Raw data Start Marker
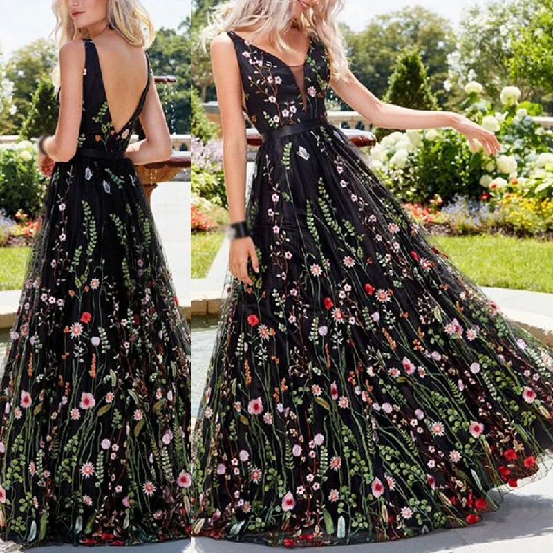 * Описание товара: Лето; глубокий v-образный вырез; Сексуальный; открытая спина; без рукавов; вышивка; длинное платье
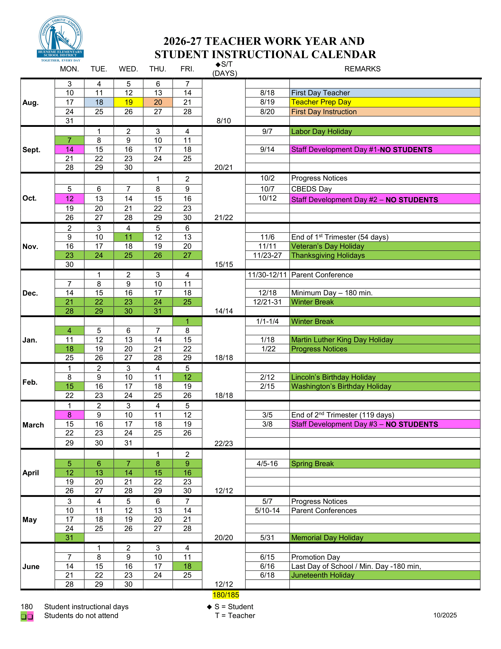| Oct 12, 2026 | Staff Development Day #2 – No Students |
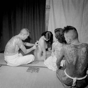 Японская мафия гордо ведет свое происхождение от обнищавших дворян-самураев, или ронинов, как называли их в Японии. Наследники многодетных отцов-дворян, не имевших подчас ничего, кроме меча, они унаследовали лишь право носить меч да еще причесываться по-самурайски: выбривать лоб и темя, длинные волосы с затылка заплетать в тугую косичку и наклеивать на синеватую кожу головы.
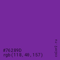 Цвет #76289D в цветовой модели RGB обозначается тремя октетами (118, 40, 157) в десятичном формате и #76289D в шестнадцатиричном (hex) формате, которые являются интенсивностью красного 118 (hex 76), интенсивность зелёного 40 (hex 28) и интенсивность синего 157 (hex 9D).
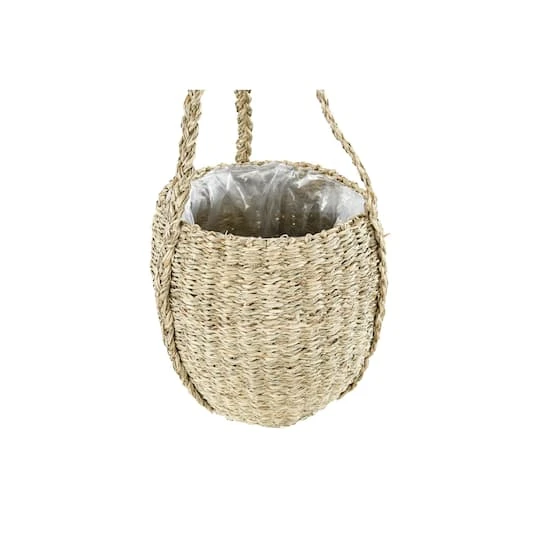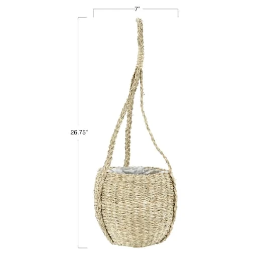 Add instant design to your room by placing a potted plant in this handwoven seagrass planter. It is beautifully designed for hanging and features a plastic lining. Hang it in a covered porch, kitchen, bathroom or sunroom.
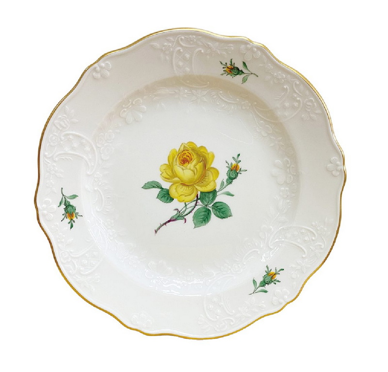 16 德国梅森手绘黄玫瑰描金点心盘(直径:18.5cm)
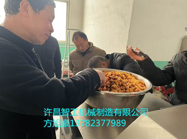 2025年12月23日,河南滑县客户带小麻花来厂试机电磁炒货机炒制。
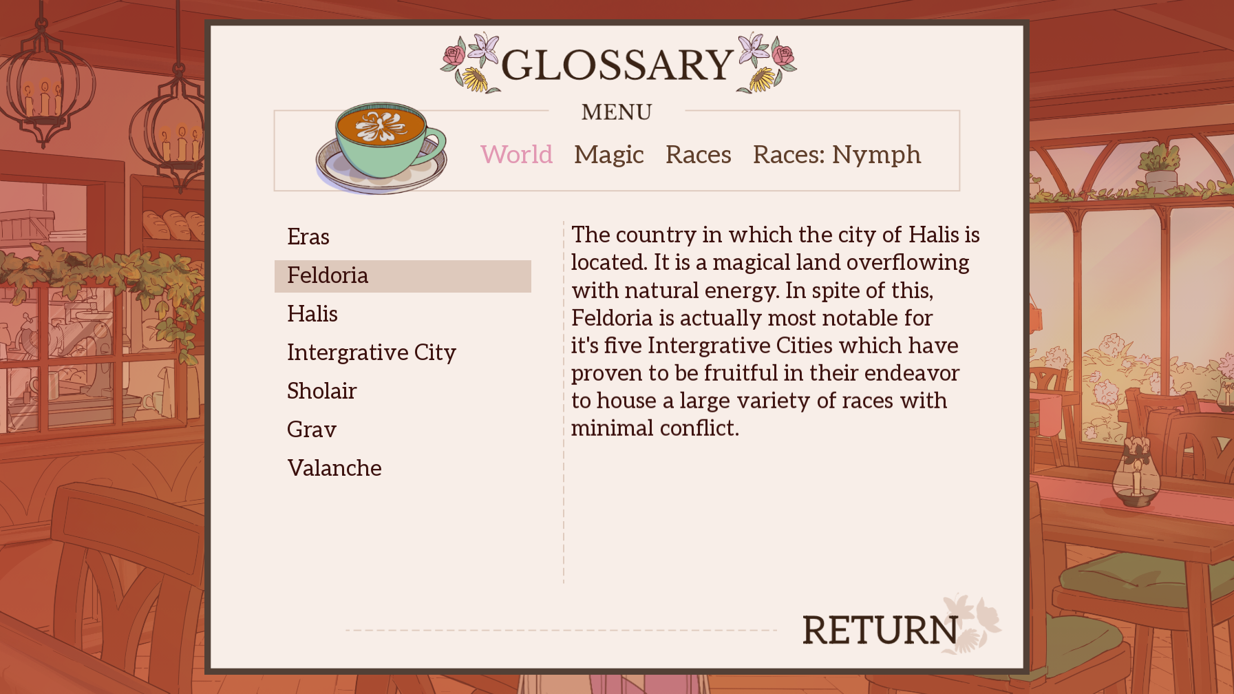 - Glossary: Read and learn about the country of Feldoria
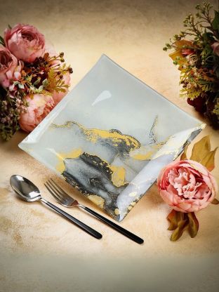 Стильная квадратная тарелка Daniks Флюид 23х23 см: современный дизайн «под мрамор» для эффектной сервировки дома и на даче Почему выбирают: Уникальный мраморный рисунок: акцент в сервировке, гармония с любым интерьером Оптимальный размер 23х23 см: удобно для обеда, закусок и сервировки, прочное стекло Многофункциональность: подходит для дома, дачи, оригинального подарка Тарелка обеденная Daniks Флюид выполнена из прочного стекла с модным абстрактным рисунком под мрамор. Квадратная форма 23х23 см делает ее универсальной: она идеально подойдет для сервировки основных блюд, закусок, подачи десертов. Если вы ищете, какую тарелку выбрать для современного стола или как обновить сервировку без лишних затрат, обратите внимание на этот вариант — он сочетается с разной посудой и легко впишется в интерьер кухни или дачи. В отличие от классических круглых тарелок, квадратная Daniks Флюид экономит место на столе и выглядит особенно стильно. Стекло не впитывает запахи, устойчиво к царапинам, не теряет вид при частом использовании. Многие покупатели спрашивают, подходит ли эта тарелка для посудомоечной машины или СВЧ — данная модель рассчитана только на ручную мойку, зато рисунок сохраняет яркость, а стекло не мутнеет со временем. Если сравнивать с аналогами, Daniks Флюид выигрывает по дизайну и долговечности при доступной цене. Планируете купить недорого тарелку для дачи или сделать подарок? Данную модель легко комбинировать с другой посудой, использовать для будней и праздников. Закажите сейчас — и обновите сервировку быстро, выгодно и со вкусом. Частые вопросы: Какой размер у тарелки Daniks Флюид и подойдет ли она для обеда? Размер 23х23 см — оптимален для основных блюд, закусок, сервировки на одного человека. Форма квадратная, материал — стекло, без крышки. Можно ли мыть тарелку в посудомоечной машине или использовать в микроволновке? Нет, данная модель предназначена только для ручной мойки, не подходит для СВЧ. Это обеспечивает сохранение рисунка и долговечность стекла. Чем отличается эта тарелка от классических моделей? Daniks Флюид — квадратная, с абстрактным рисунком «под мрамор», что делает ее стильной альтернативой классическим круглым тарелкам и выгодным выбором для сервировки.
Raw data End Marker
◆ **About this task**
Write the listing out in full, exactly; no images.

◆ **Solution below**
 * Описание товара: Лето; глубокий v-образный вырез; Сексуальный; открытая спина; без рукавов; вышивка; длинное платье
| Oct 12, 2026 | Staff Development Day #2 – No Students |
 Японская мафия гордо ведет свое происхождение от обнищавших дворян-самураев, или ронинов, как называли их в Японии. Наследники многодетных отцов-дворян, не имевших подчас ничего, кроме меча, они унаследовали лишь право носить меч да еще причесываться по-самурайски: выбривать лоб и темя, длинные волосы с затылка заплетать в тугую косичку и наклеивать на синеватую кожу головы.
 Цвет #76289D в цветовой модели RGB обозначается тремя октетами (118, 40, 157) в десятичном формате и #76289D в шестнадцатиричном (hex) формате, которые являются интенсивностью красного 118 (hex 76), интенсивность зелёного 40 (hex 28) и интенсивность синего 157 (hex 9D).
 Add instant design to your room by placing a potted plant in this handwoven seagrass planter. It is beautifully designed for hanging and features a plastic lining. Hang it in a covered porch, kitchen, bathroom or sunroom.
 16 德国梅森手绘黄玫瑰描金点心盘(直径:18.5cm)
 2025年12月23日,河南滑县客户带小麻花来厂试机电磁炒货机炒制。
 - Glossary: Read and learn about the country of Feldoria
 Стильная квадратная тарелка Daniks Флюид 23х23 см: современный дизайн «под мрамор» для эффектной сервировки дома и на даче Почему выбирают: Уникальный мраморный рисунок: акцент в сервировке, гармония с любым интерьером Оптимальный размер 23х23 см: удобно для обеда, закусок и сервировки, прочное стекло Многофункциональность: подходит для дома, дачи, оригинального подарка Тарелка обеденная Daniks Флюид выполнена из прочного стекла с модным абстрактным рисунком под мрамор. Квадратная форма 23х23 см делает ее универсальной: она идеально подойдет для сервировки основных блюд, закусок, подачи десертов. Если вы ищете, какую тарелку выбрать для современного стола или как обновить сервировку без лишних затрат, обратите внимание на этот вариант — он сочетается с разной посудой и легко впишется в интерьер кухни или дачи. В отличие от классических круглых тарелок, квадратная Daniks Флюид экономит место на столе и выглядит особенно стильно. Стекло не впитывает запахи, устойчиво к царапинам, не теряет вид при частом использовании. Многие покупатели спрашивают, подходит ли эта тарелка для посудомоечной машины или СВЧ — данная модель рассчитана только на ручную мойку, зато рисунок сохраняет яркость, а стекло не мутнеет со временем. Если сравнивать с аналогами, Daniks Флюид выигрывает по дизайну и долговечности при доступной цене. Планируете купить недорого тарелку для дачи или сделать подарок? Данную модель легко комбинировать с другой посудой, использовать для будней и праздников. Закажите сейчас — и обновите сервировку быстро, выгодно и со вкусом. Частые вопросы: Какой размер у тарелки Daniks Флюид и подойдет ли она для обеда? Размер 23х23 см — оптимален для основных блюд, закусок, сервировки на одного человека. Форма квадратная, материал — стекло, без крышки. Можно ли мыть тарелку в посудомоечной машине или использовать в микроволновке? Нет, данная модель предназначена только для ручной мойки, не подходит для СВЧ. Это обеспечивает сохранение рисунка и долговечность стекла. Чем отличается эта тарелка от классических моделей? Daniks Флюид — квадратная, с абстрактным рисунком «под мрамор», что делает ее стильной альтернативой классическим круглым тарелкам и выгодным выбором для сервировки.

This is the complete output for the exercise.